Daniels-Head & Assoc. v. William M. Mercer, Inc. (In re Daniels-Head & Assoc.), 819 F.2d 914, 919 (9th Cir. 1987). Thus, consent to the bankruptcy court's jurisdiction need not be express.

In this case, the issues arose in proceedings in the bankruptcy court to consider whether Appellee's proposed chapter 13 plan should be confirmed. § 1324(a) (providing that " the court shall hold a hearing on confirmation of the plan. A party in interest may object to confirmation of the plan.") In connection with confirmation, the parties sought a ruling from the bankruptcy court determining whether Appellant's obligation to Appellee for attorneys fees had been discharged in Appellant's prior chapter 7 case. The proceeding before the bankruptcy court was one " arising in" Appellee's chapter 13 case and " arising under" the Bankruptcy Code. However, even characterizing the bankruptcy court's role most favorably to Appellant's position, the bankruptcy court was determining an issue that was clearly " related to" both Appellant's and Appellee's bankruptcy cases.
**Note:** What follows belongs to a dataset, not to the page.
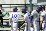 Baseball, Texas Christian University (T. C. U.) vs. Southwestern University; Texas Christian University (T. C. U.)'s Brent Barker (#10) with teammates. The athletes can be seen wearing, their white and purple uniforms.

The bankruptcy court had the power to enter a final order in this case. Its ruling came in a proceeding dealing with confirmation of Appellee's plan, and implicated a determination about the dischargeability of Appellant's debts to Appellee and the validity of any lien that may exist to secure such debts. The proceeding was " core" as provided by the several paragraphs of 28 U.S.C. § 157(b) set forth above.

Finally, contrary to Appellant's position, the bankruptcy court's jurisdiction to determine the dischargeability of debts is not contingent upon Appellant's chapter 7 bankruptcy case being open and pending at the time:

Thus, while principles of ripeness require that a bankruptcy case have been commenced before [the bankruptcy court] can exercise § 1334(b) " arising under" jurisdiction to determine if a debt is excepted from discharge, the status of the case as open or closed makes no difference so long as nothing has mooted the controversy.

Menk v. LaPaglia (In re Menk), 241 B.R. 896, 905-906 (9th Cir. BAP 1999). Here, Appellant brought the dischargeability issue to the bankruptcy court by way of her objection to confirmation of Appellee's chapter 13 plan. It was not a necessary condition to reopen Appellant's bankruptcy case in order for the bankruptcy court to exercise its jurisdiction to determine the dischargeability issue.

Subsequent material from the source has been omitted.